A new gridded spatio-temporal big data fusion method is proposed for the organization and management of cropland big data, which could serve the analysis application of cropland quality evaluation and other analyses of geographic big data. Compared with traditional big data fusion methods, this method maps the spatio-temporal and attribute features of multi-source data to grid cells in order to achieve the structural unity and orderly organization of spatio-temporal big data with format differences, semantic ambiguities, and different coordinate projections. Firstly, this paper constructs a dissected cropland big data fusion model and completes the design of a conceptual model and logic model, constructs a cropland data organization model based on DGGS (discrete global grid system) and Hash coding, and realizes the unified management of vector data, raster data and text data by using multilevel grids.

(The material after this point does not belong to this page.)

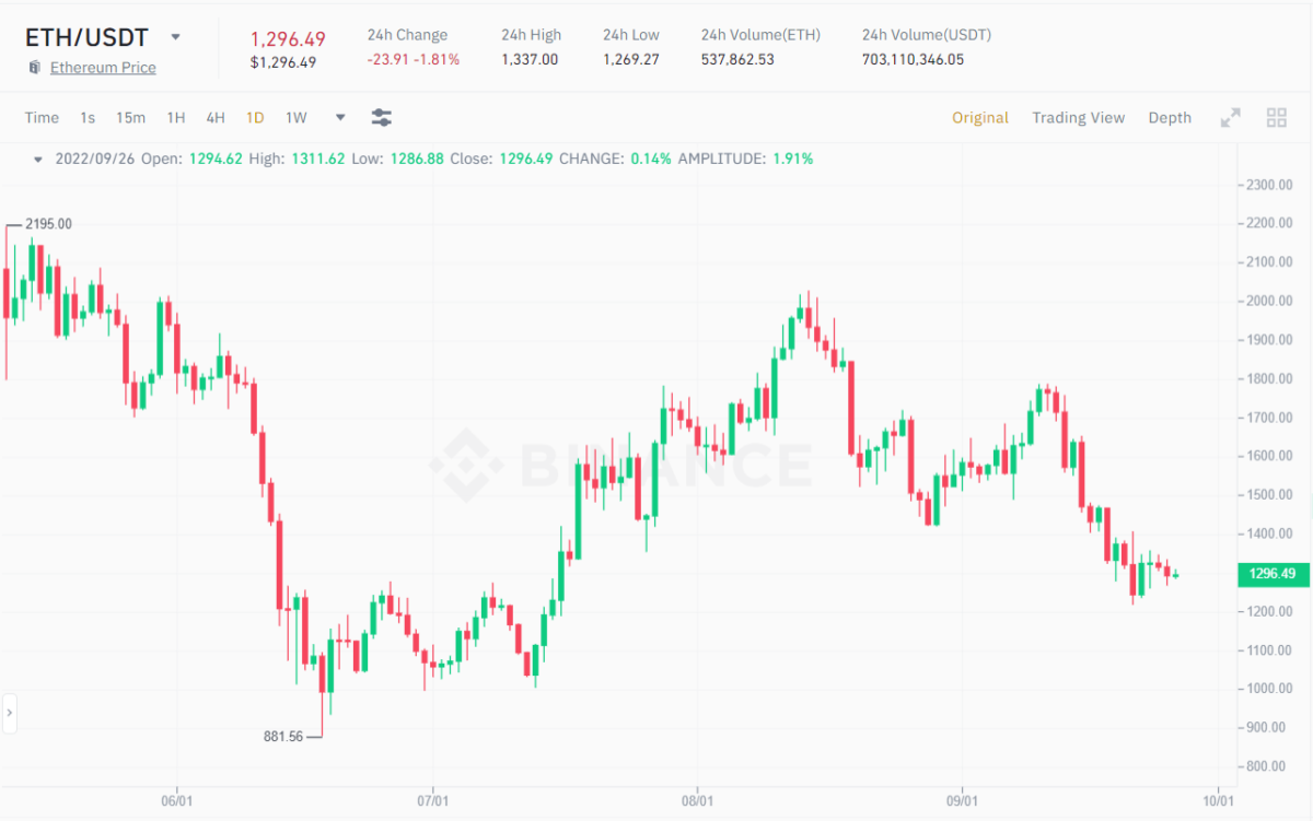 Even Ethereum itself has not escaped the downturn affecting the entire crypto market, despite the significant boost from The Merge. Ethereum has continuously dropped from around $1,600 to below $1,300.

Secondly, this paper researches the evaluation methods of grid-scale adaptability, and generates distributed multilevel grid datasets to meet the needs of cropland area quality evaluation. Finally, typical data such as soil organic matter data, road network data, cropland area data, and statistic data in Da’an County, China, were selected to carry out the experiment. The experiment verifies that the method could not only realize the unified organization and efficient management of cultivated land big data with multimodal characteristics, but also support the evaluation of cropland quality.

Suggested Citation

  • Shuangxi Miao & Shuyu Wang & Chunyan Huang & Xiaohong Xia & Lingling Sang & Jianxi Huang & Han Liu & Zheng Zhang & Junxiao Zhang & Xu Huang & Fei Gao, 2023. "A Big Data Grided Organization and Management Method for Cropland Quality Evaluation," Land, MDPI, vol. 12(10), pages 1-20, October.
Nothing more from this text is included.